Actually, "Mike Dowe" comes from when Dave sent me the pictures of when I gave him his gold watch for finishing Cerebus, he had signed them "To Mike".  And I used to get asked all the time if my last name had an "E" in it.

then Dave’s substitute from Reads and a pseudonym I created for myself,

It's the names of two of my favorite cats I've lived with. 

fourth is a character Dave played on Cerebus TV and a similar character I could have played had Cerebus TV continued.

Anybody else remember The Follicly-Challenged Neil Gaiman of Earth 2?

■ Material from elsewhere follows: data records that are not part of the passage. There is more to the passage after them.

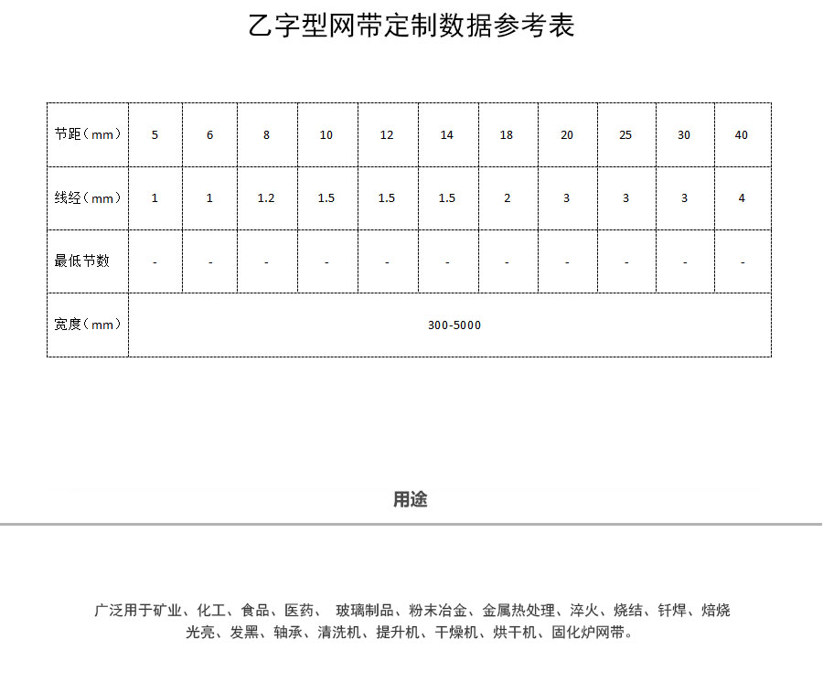 乙字型網(wǎng)帶簡介:乙字型網(wǎng)帶又稱乙型網(wǎng)帶、食品網(wǎng)帶、巧克力網(wǎng)帶,節(jié)距分隔一般按用戶要求定制,屬非標準輸送網(wǎng)帶。
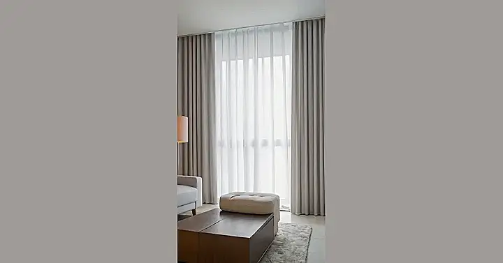 These curtains look so cozy and inviting, don’t they? They’re like a big, warm hug for your living room! You can imagine curling up on the couch with a good book, the sunlight streaming through the sheer curtains, and the heavier ones blocking out any unwanted glare. It’s the perfect way to create a peaceful and relaxing atmosphere where you can just unwind. Plus, those curtains look super stylish with their light brown color – they’d go with almost any decor!
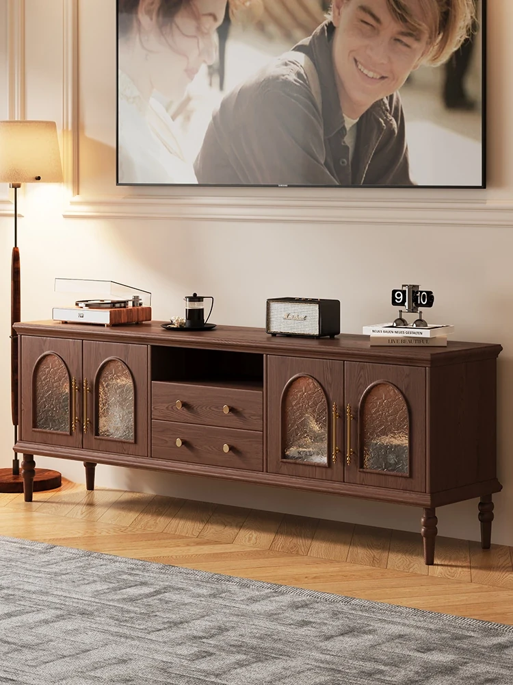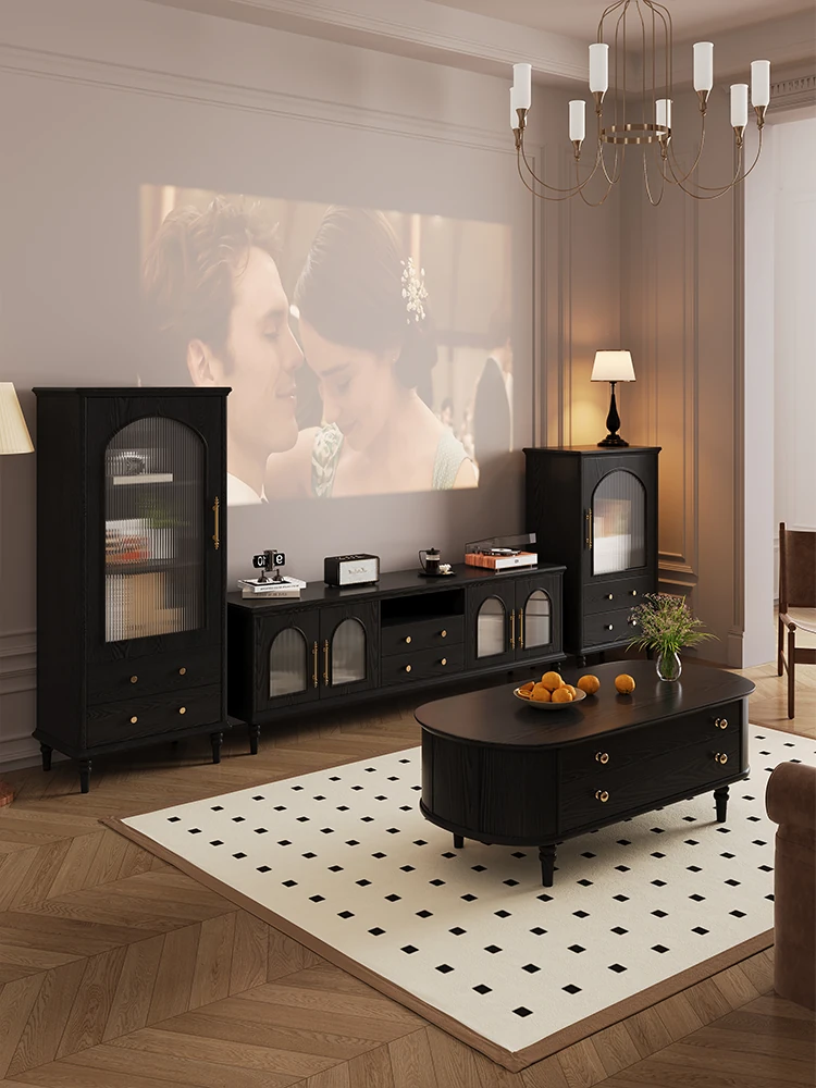 フレンチヴィンテージの高級感あふれる実木テレビボード&コーヒーテーブルセット、モダンなブラックデザインのガラステレビキャビネットで、リビングに洗練された雰囲気をプラス!
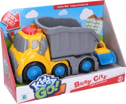 Avec cet ensemble de véhicules de chantier Kiddy, les enfants profiteront d’heures de jeu créatif. Le camion-benne avec remorque possède des portes mobiles et des effets activés par un bouton sur le toit de la cabine, tandis que le bulldozer est équipé d’une pelle mobile pour charger et décharger. Grâce aux roues libres, les véhicules sont faciles à manœuvrer même pour les plus jeunes conducteurs.
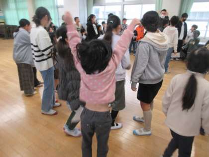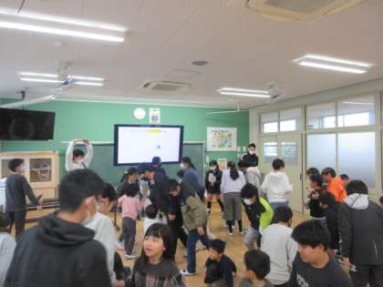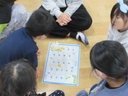 1年3組と6年3組の交流会の様子です。すごろくゲームや○×クイズ大会をしています。クイズに正解すると,1年生は大喜びです。
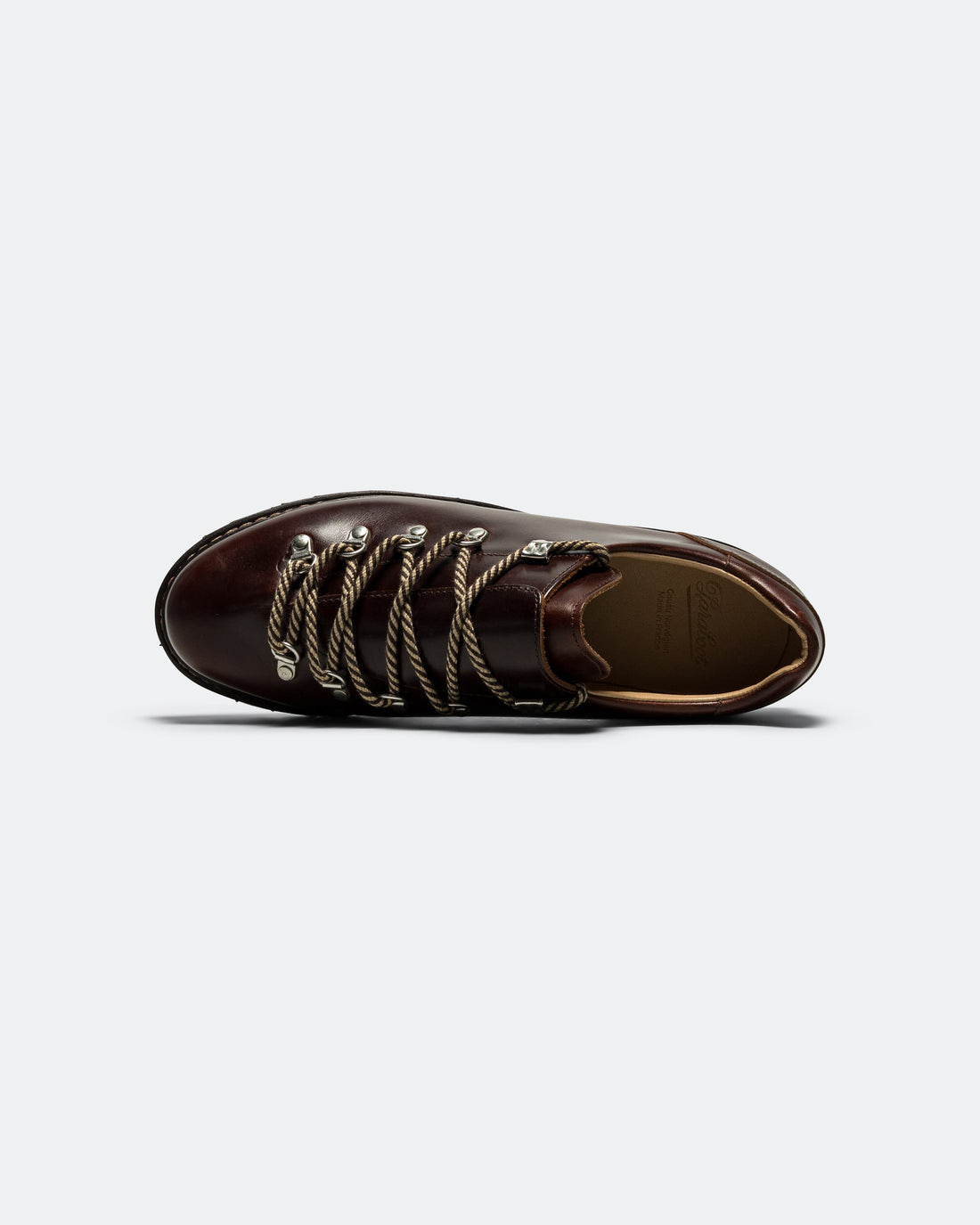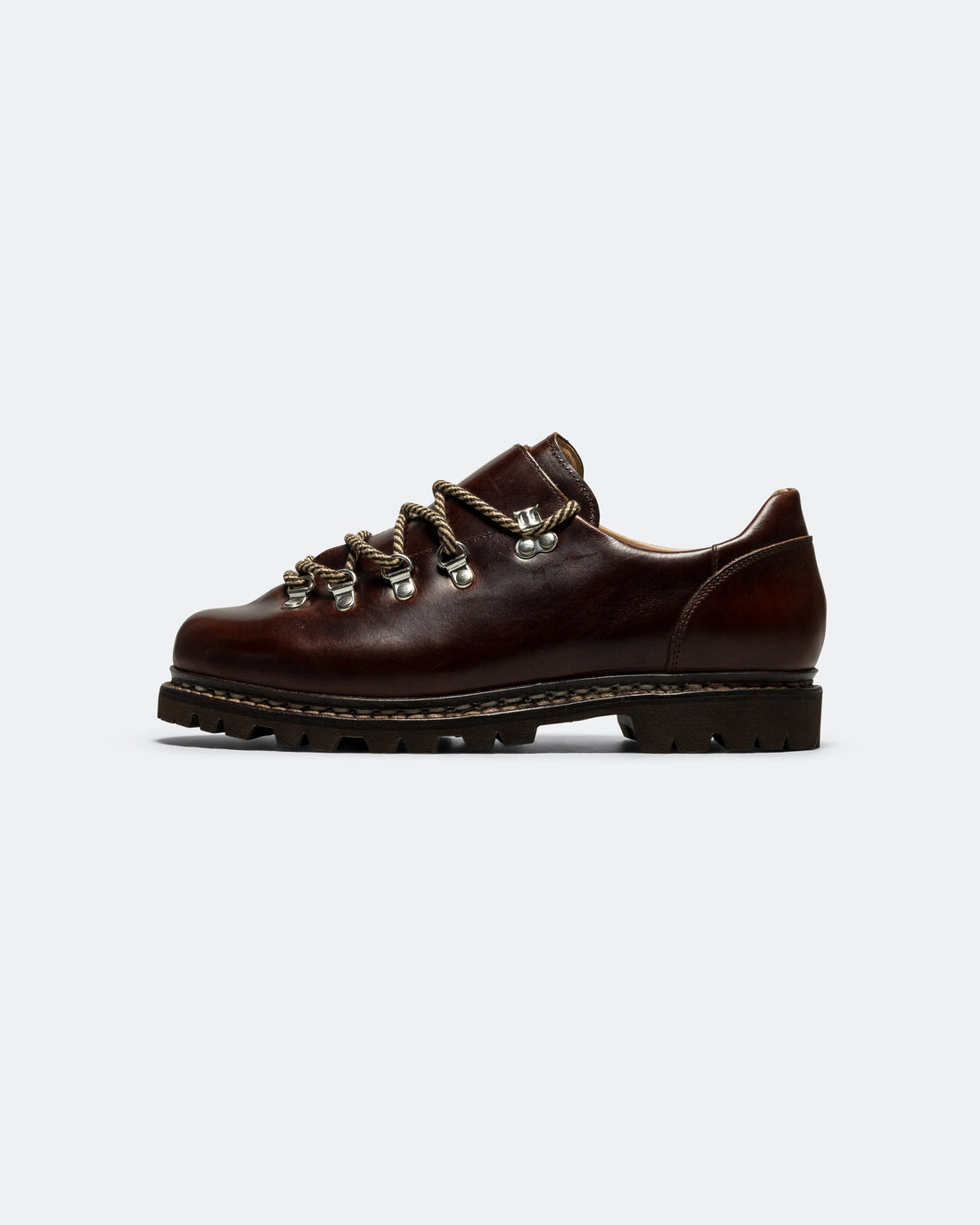 The Clusaz Jannu is a low-profile shoe that gets its name from the skiing town in France. They're crafted from a waxed leather upper with a full leather lining and feature a lugged rubber outsole. They're heavily influenced by mountaineering styles, with hook eyelets and rope laces crossed upon the tongue.
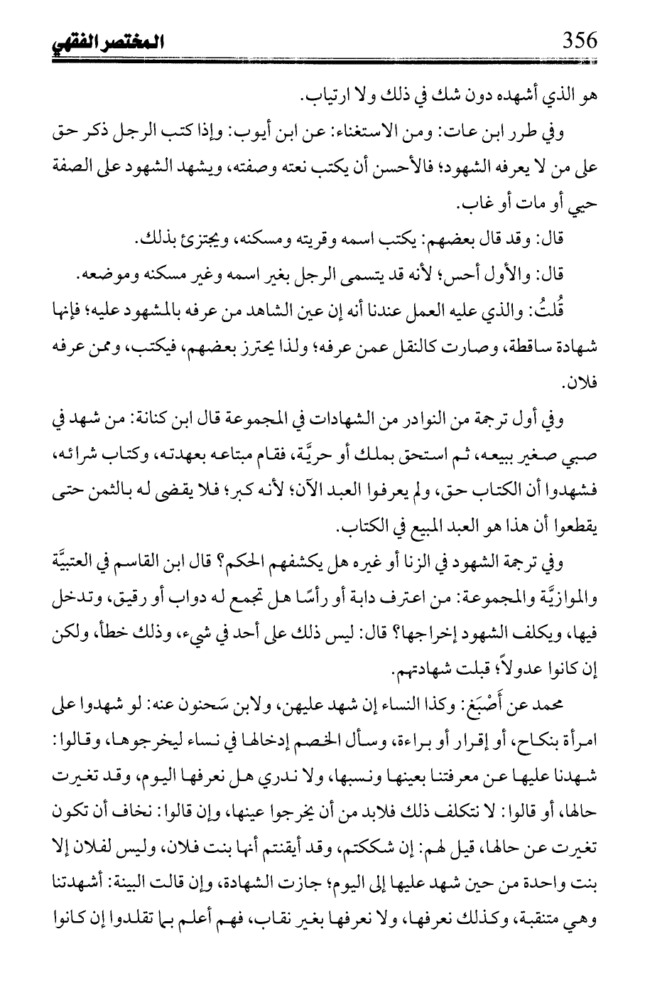 وفي أول ترجمة من النوادر من الشهادات في المجموعة قال ابن كنانة: من شهد في صبي صغير يبيعه، ثم استحق بملك أو حرية، فقام مبتاعه بعهدته، وكتاب شرائه، فشهدوا أن الكتاب حق، ولم يعرفوا العبد الآن؛ لأنه كبر؛ فلا يقضي له بالثمن حتى يقطعوا أن هذا هو العبد المبيع في الكتاب.
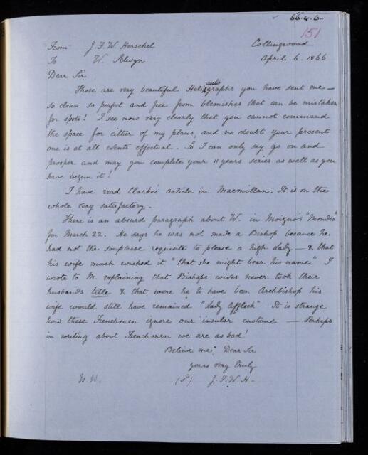 John Frederick William Herschel, Copy letter, from Sir John Herschel to William Selwyn, dated at Collingwood, 6 April 1866, HS/24/151, The Royal Society Archives, London, https://makingscience.royalsociety.org/items/hs_24_151/copy-letter-from-sir-john-herschel-to-william-selwyn-dated-at-collingwood, accessed on 10 December 2025
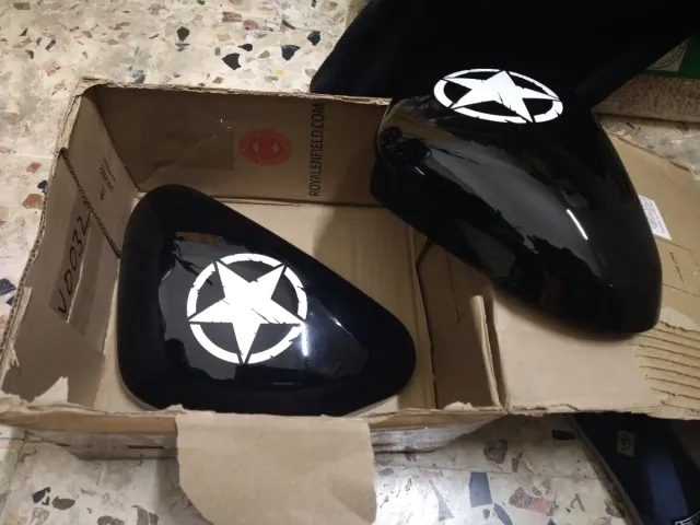 Coppia di pannelli laterali neri lucidi per Royal Enfield Meteor 350. - Design nero lucido. - Decorati con adesivo a stella bianca.
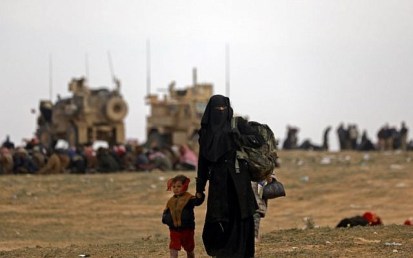 Civilians fleeing the Islamic State’s group embattled holdout of Baghouz walk in a field on February 13, 2019. (Delil Souleiman/AFP)
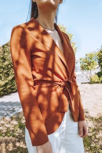 Potete acquistare il nostro blazer destrutturato direttamente dal nostro shop online cliccando qui, disponibile in ruggine.
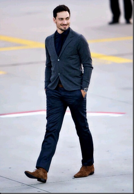 Еще больше футболистов Футбольная мода оказалась увлекательной темой. Поэтому продолжим. Женской части галактеко это приятно смотреть, а мужской, надеюсь, полезно. Действительно, у футобольных клубов есть жесткий дресс-код и футболисты не могут на публике ходить в чем попало, особенно на мероприятиях, связанных с деятельностью клуба или лиги. Пусть они по полю бегают грязные, но вне поля они образцовые джентльмены (хотя большинство из них выходцы из низов). И потом это же бизнес, это бегут и матерятся миллионы евро. Поэтому пиар-службы жестко контролируют имидж. Короче говоря, это те, кто сидят на трибуне, могут выглядеть, как говно, футбольные люди себе такого позволить не могут. Итак, сборная Нидерландов на ЧМ-2014 в кэжуал: Сборная Германии в Хьюго Босс, в костюмах вы её уже видели, а вот более повседневный лук: Сборная Италии в Дольче и Габбана: Сборная Испании - Жерар Пике: И немного тренеров. Конечно, Гвардиола тут вне конкуренции, но нельзя обойти вниманием Жозе Мауринью: Кэжуал: Роберто Манчини, итальянский стиль, конечно, читается сразу: |

The law firm that the cease and desist comes from is the law firm Groucho uses in the Marx Brothers’ Animal Crackers.

I drew the first four pages and then went on the internet to get a sample cease-and-desist letter I could use as a template. When I finished writing up my version, I realized that I didn’t have an ending while I was typing up page five. “Diane Keaton Vampire Slayer” was a top-of-my-head idea. She was in an article in one of the two issues of Vogue I had bought as research for my pitches. 
Next Time: How I discovered my script made the cut!

*Advance praise for glamourpuss archive:

"Up until an hour ago, I would have stated for a fact that [Jeff] Seiler's CEREBUS READERS IN CRISIS was the most uncalled-for example of Dave Sim Ephemera to hit the market, but I think you have him beat with this one."
Dave Sim
Creator- Cerebus, glamourpuss, Judenhass, The Strange Death of Alex Raymond, You Don't Know Jack, Cerebus in Hell?

5 comments:

Anonymous said...

Yay, Me!!!

Jeff said...

Next to last is NOT last!

However, I *have* been trying for some time, now.

Anonymous said...

What absolute garbage.

Anonymous said...

Yeah! I hate Taylor Swift too!

Tony Dunlop said...

That's some pretty "believable" Valley Girl dialect, for a guy from Cheeseheadistan (that's Minnesotan for "Wisconsin").